Мы часто встречались на местных сборищах, и ей довелось увидеть, как я в первый и последний раз ехал на велосипеде по теннисному корту во фраке и цилиндре. Верьте или не верьте (как пишут газеты, когда лгут), но мне удалось объехать корт, не падая и думая лишь о том, как же я слезу. Память о чудовищном катанье не оставляла меня, как бы предвещая знаменательные события.

Упомянутая особа служила в каком-то обществе, связанном с воспитанием, и у меня возникла мысль, так меня и не покинувшая, что самое плохое в нынешней службе — то, что случается после нее; грохот поездов и трамваев на долгом пути домой. Обычно она была совсем не рассеянной, но как-то сказала мне, словно оправдываясь, что от усталости оставила на станции зонтик. Больше мы об этом не говорили, но вечером, очень поздно, я шел из Бедфордпарка в Кенсингтон и увидел ту самую станцию, темную и тяжелую на фоне лунного неба. Тогда я и совершил первое и последнее преступление — ночную кражу, которая мне очень понравилась. Станция или какая-то ее часть была начисто заперта, но я точно знал, где находится зал ожидания, и решил, что проберусь туда, если влезу на крутую, поросшую травой насыпь и проползу под платформой. Так я и сделал, а там нашел зонтик. Вернувшись той же дорогой в изувеченном цилиндре и достаточно испорченном фраке, я посмотрел на небо, испытывая странное чувство, словно только что спустился с луны на зонтике вместо парашюта. Как бы то ни было, глядя на травы, серые в лунном свете, словно неземные, лунные растения, я не разделял той неприязни, которую испытывала моя дама к покровительнице сумасшедших.
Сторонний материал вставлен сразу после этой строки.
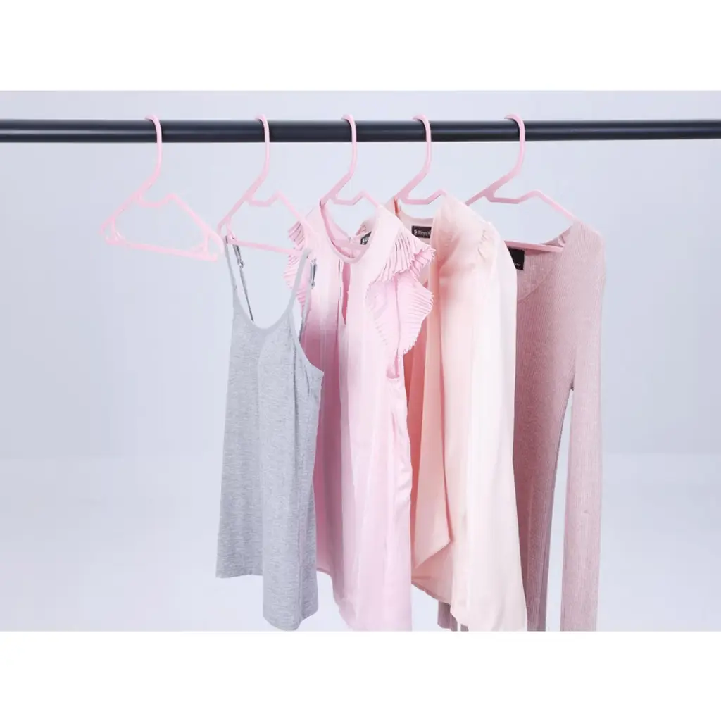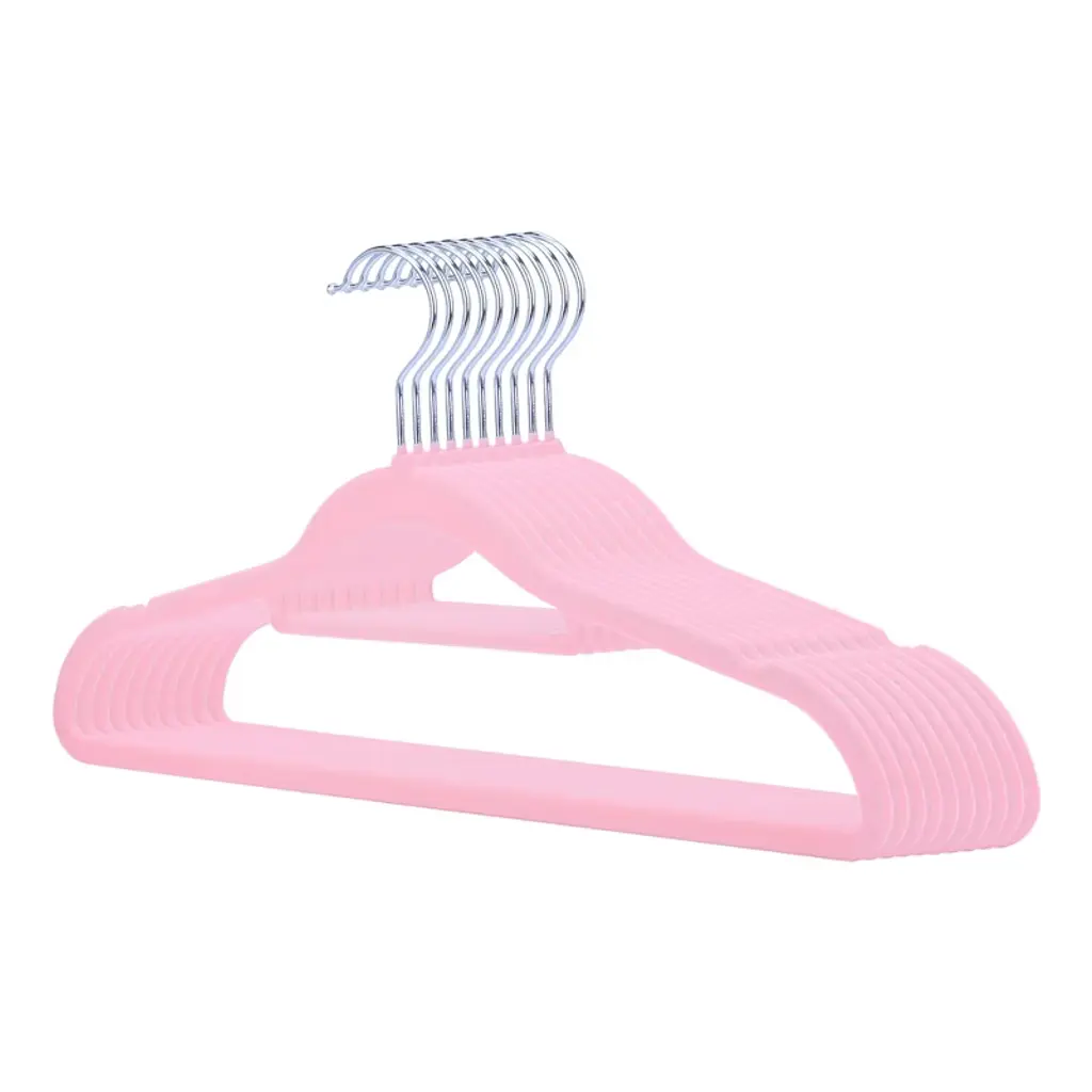Regalwoven 10 Pcs Plastic Durable Space Saving Non-slip Hook Clothes Hangers Pink

К счастью, наша следующая встреча произошла не под знаком Луны, а под знаком Солнца. Позже она нередко говорила, что, если бы день не был таким солнечным, все могло бы кончиться иначе. Было это в Сент — Джеймс — парке, неподалеку от уток и маленького мостика, который упомянут в солидном труде о мостах Хилера Беллока. Подробно, словно топограф, он описывает разные мосты Европы, а потом прибавляет в более свободной манере: «Теперь потолкуем о мостах вообще. Самый длинный из них — мост через Ферт оф Форт, самый короткий — доска через лужу в деревне Лаудуотер. Самый страшный — Бруклинский, а самый нестрашный — мостик в Сент — Джеймс- парке». Да, я не свалился с этого мостика; быть может, меня держал ранний романтический образ моста, ведущего к принцессе. Но смею заверить моего друга, что мостик в Сент — Джеймс — парке может внушить немалый страх.

Глава VII. Повинный в правоверии

Я не раз говорил, что моя автобиография должна бы складываться из рассказов вроде новелл о Шерлоке Холмсе, только он поражает наблюдательностью, а я — ее отсутствием. Другими словами, надо бы написать «Приключения», связанные с моей рассеянностью. Одно из них можно назвать «Пробочник защитника буров», поскольку я как-то занял этот инструмент у Хэммонда и пытался от крыть им дверь, держа ключи в другой руке. Мало кто поверит, что это было до того, а не после того, как пробочник употребили правильно. Тем не менее это так. Я был совершенно трезв; быть может, если бы я напился, я был бы сосредоточенней. Другое приключение, «Удивленный кассир», повествовало бы о том, как я спросил кофе вместо билета; не исключено, что в кафе я заказал билет до Баттерси. Всем этим я не слишком горжусь — сосредоточенность, на мой взгляд, намного поэтичней рассеянности; и пишу об этом потому, что могу таким образом ввести человека, сыгравшего большую роль в моей судьбе и в судьбах моих друзей. В приключенческом рассказе «Священник и его брюки» он играл роль священника.